◆ **Your instructions**
Every line below needs to be transcribed without alteration, and no image may be carried over.
BEGIN Data section
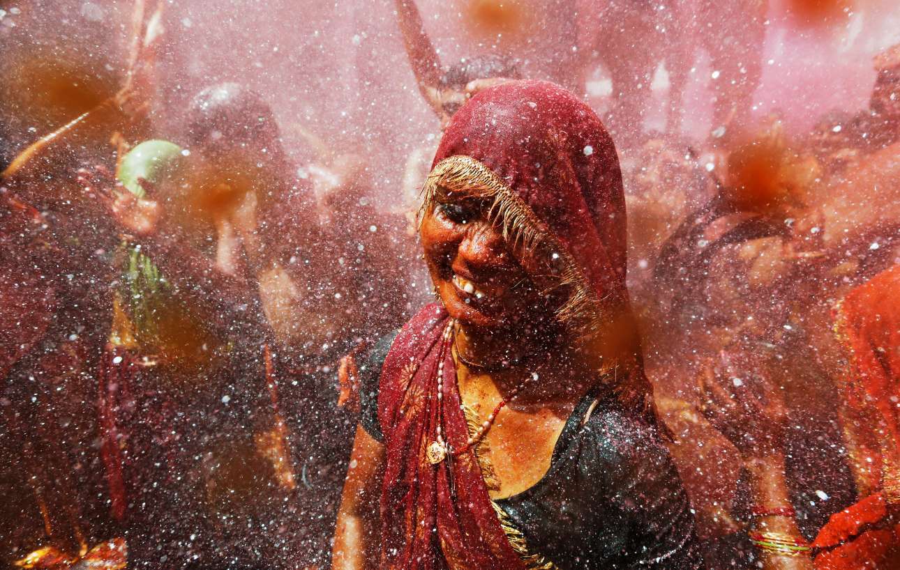 Σάββατο, 23 Μαρτίου, Ινδία. Νεαρή κοπέλα στο ναό Dauji της πόλης Mατούρα συμμετέχει στο παιχνίδι «Huranga». Πρόκειται για ένα παιχνίδι μεταξύ ανδρών και γυναικών που λαμβάνει χώρα μία μέρα μετά το Φεστιβάλ Χόλι (γνωστό και ως «Γιορτή των Χρωμάτων»)
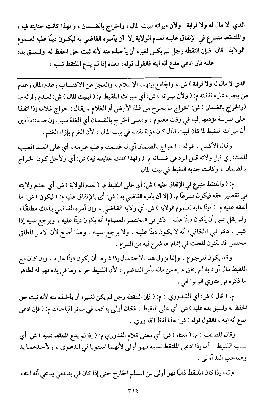ـــــــــــــــــــــــــــــQالذي لا مال له ولا قرابة) ش:، والجامع بينهما الإسلام، والعجز عن الاكتساب وعدم المال وعدم من يجب عليه نفقته م: (ولأن ميراثه) ش: أي ميراث اللقيط م: (لبيت المال) ش: لعدم وارثه م: (والخراج بالضمان) ش: الخراج ما يخرج من غلة الأرض أو الغلام، يقال: خراج غلامه إذا اتفقا على ضريبة يؤديها إليه في وقت معلوم، ومعنى الخراج بالضمان أي الغلة سبب إن ضمنته لعين أن ميراث اللقيط لما كان لبيت المال كان مؤنة نفقته في بيت المال؛ لأن الغرم بإزاء الغنم.
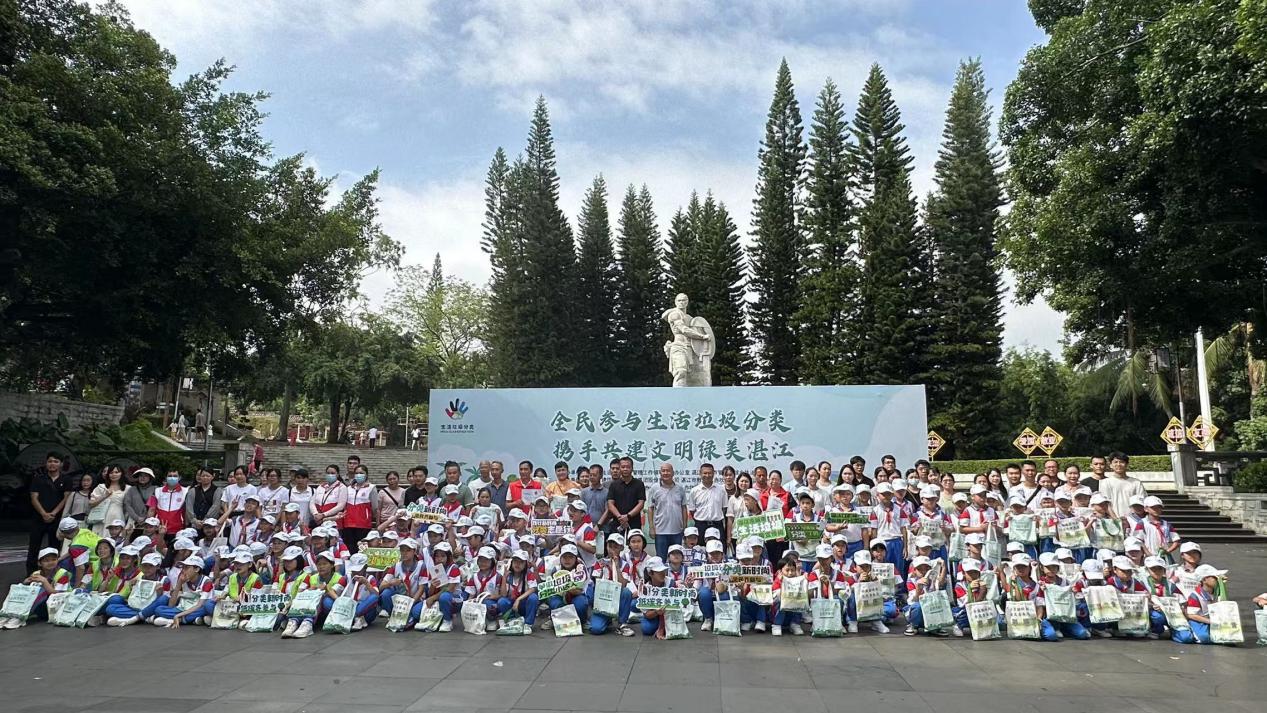 9月26日上午,湛江市分类办联合湛江市城市管理和综合执法局、市教育局,各区分类办和街道、社区以及广东省建筑科学研究院集团股份有限公司、市16小学等志愿者约300人在寸金桥公园开展“全民参与生活垃圾分类 携手共建文明绿美湛江”主题宣传活动。
END Data section
◆ **Task result**
 Σάββατο, 23 Μαρτίου, Ινδία. Νεαρή κοπέλα στο ναό Dauji της πόλης Mατούρα συμμετέχει στο παιχνίδι «Huranga». Πρόκειται για ένα παιχνίδι μεταξύ ανδρών και γυναικών που λαμβάνει χώρα μία μέρα μετά το Φεστιβάλ Χόλι (γνωστό και ως «Γιορτή των Χρωμάτων»)
ـــــــــــــــــــــــــــــQالذي لا مال له ولا قرابة) ش:، والجامع بينهما الإسلام، والعجز عن الاكتساب وعدم المال وعدم من يجب عليه نفقته م: (ولأن ميراثه) ش: أي ميراث اللقيط م: (لبيت المال) ش: لعدم وارثه م: (والخراج بالضمان) ش: الخراج ما يخرج من غلة الأرض أو الغلام، يقال: خراج غلامه إذا اتفقا على ضريبة يؤديها إليه في وقت معلوم، ومعنى الخراج بالضمان أي الغلة سبب إن ضمنته لعين أن ميراث اللقيط لما كان لبيت المال كان مؤنة نفقته في بيت المال؛ لأن الغرم بإزاء الغنم.
 9月26日上午,湛江市分类办联合湛江市城市管理和综合执法局、市教育局,各区分类办和街道、社区以及广东省建筑科学研究院集团股份有限公司、市16小学等志愿者约300人在寸金桥公园开展“全民参与生活垃圾分类 携手共建文明绿美湛江”主题宣传活动。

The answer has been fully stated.